**Problem to work on:** In the material below, begin at the line that has "Interior view of", stop after the line that has "4. 如图15 - 9", and transcribe those lines exactly, without pictures.

**Recorded data:**
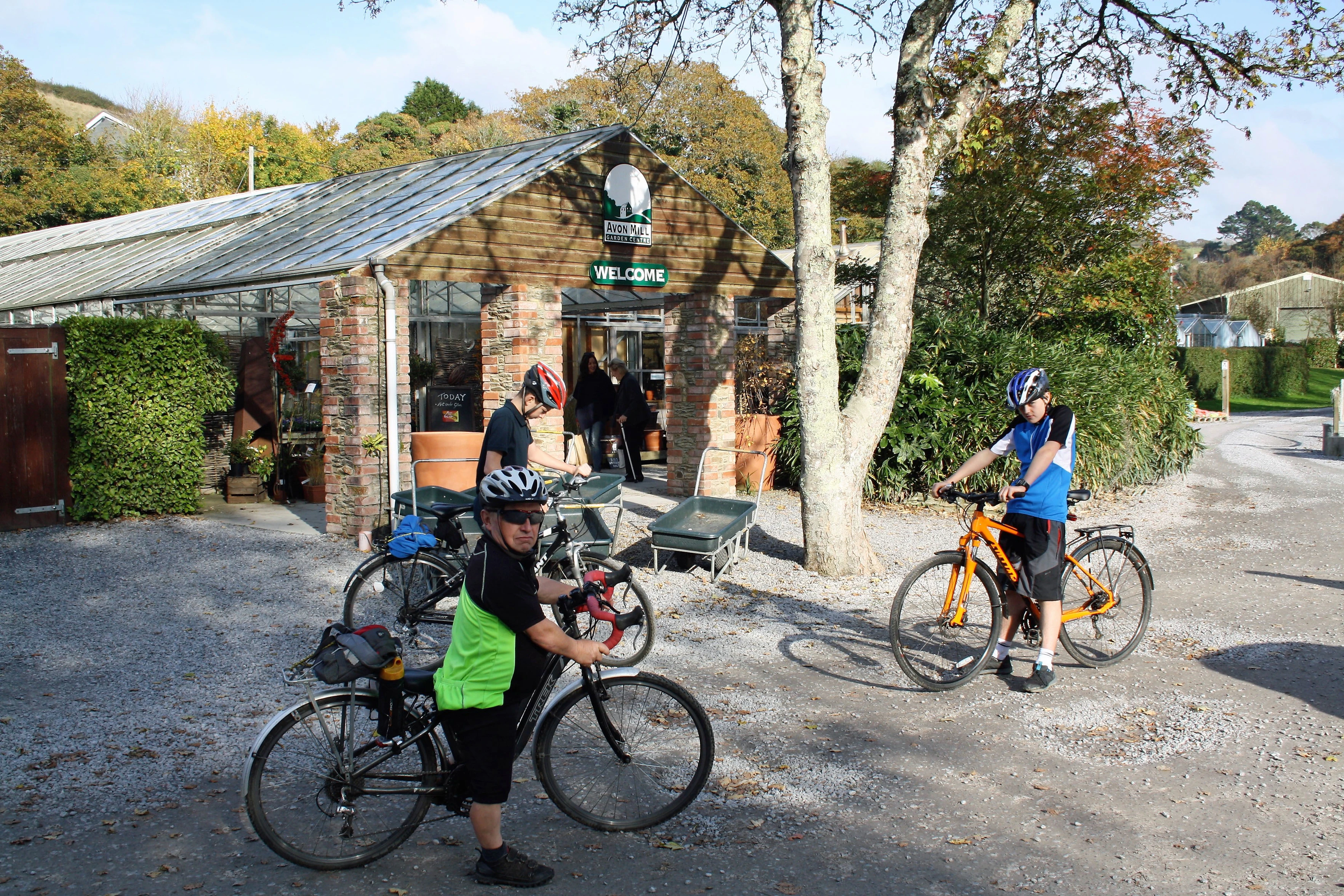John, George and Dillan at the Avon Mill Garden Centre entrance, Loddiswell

* * *

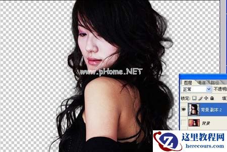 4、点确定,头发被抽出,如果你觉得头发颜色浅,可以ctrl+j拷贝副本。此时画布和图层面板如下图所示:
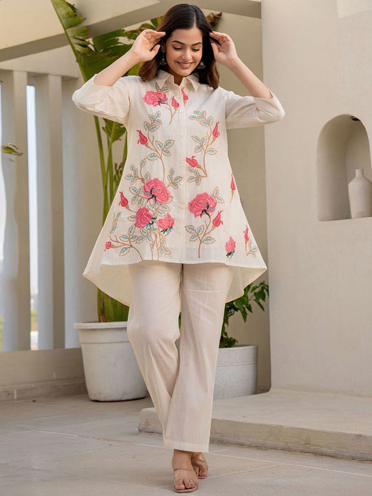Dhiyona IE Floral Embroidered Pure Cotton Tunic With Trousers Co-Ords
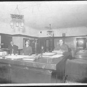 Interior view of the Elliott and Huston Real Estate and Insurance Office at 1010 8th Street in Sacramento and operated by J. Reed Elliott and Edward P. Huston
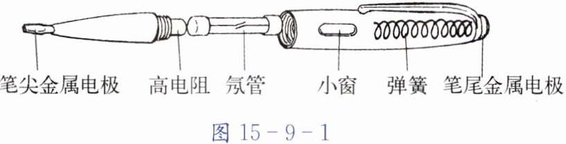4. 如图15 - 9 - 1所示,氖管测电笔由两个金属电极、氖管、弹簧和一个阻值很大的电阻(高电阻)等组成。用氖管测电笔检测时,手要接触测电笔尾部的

...

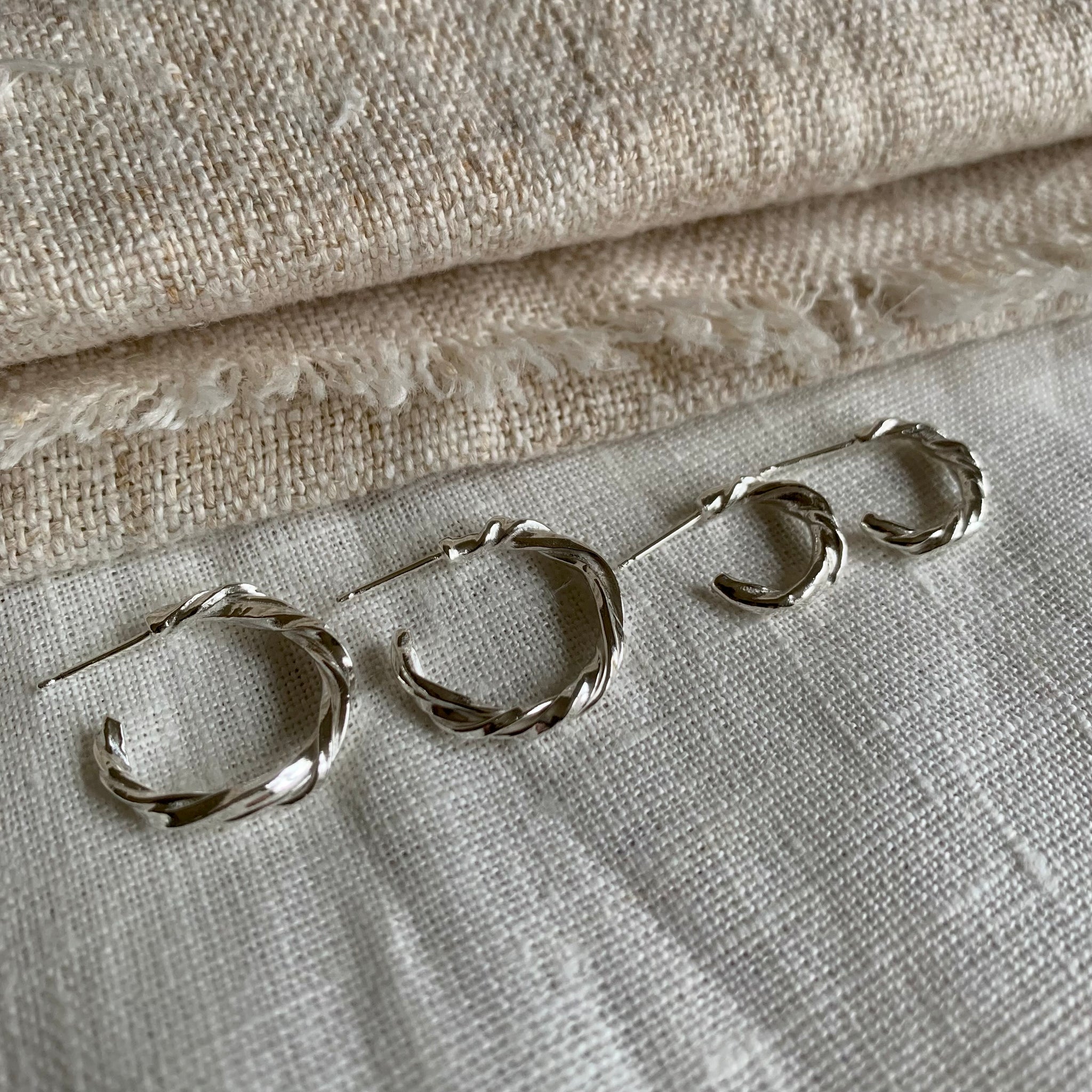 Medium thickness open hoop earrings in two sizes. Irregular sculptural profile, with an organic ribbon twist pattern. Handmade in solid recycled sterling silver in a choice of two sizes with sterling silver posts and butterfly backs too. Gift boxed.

**Solution for this problem:**
 Interior view of the Elliott and Huston Real Estate and Insurance Office at 1010 8th Street in Sacramento and operated by J. Reed Elliott and Edward P. Huston
4. 如图15 - 9 - 1所示,氖管测电笔由两个金属电极、氖管、弹簧和一个阻值很大的电阻(高电阻)等组成。用氖管测电笔检测时,手要接触测电笔尾部的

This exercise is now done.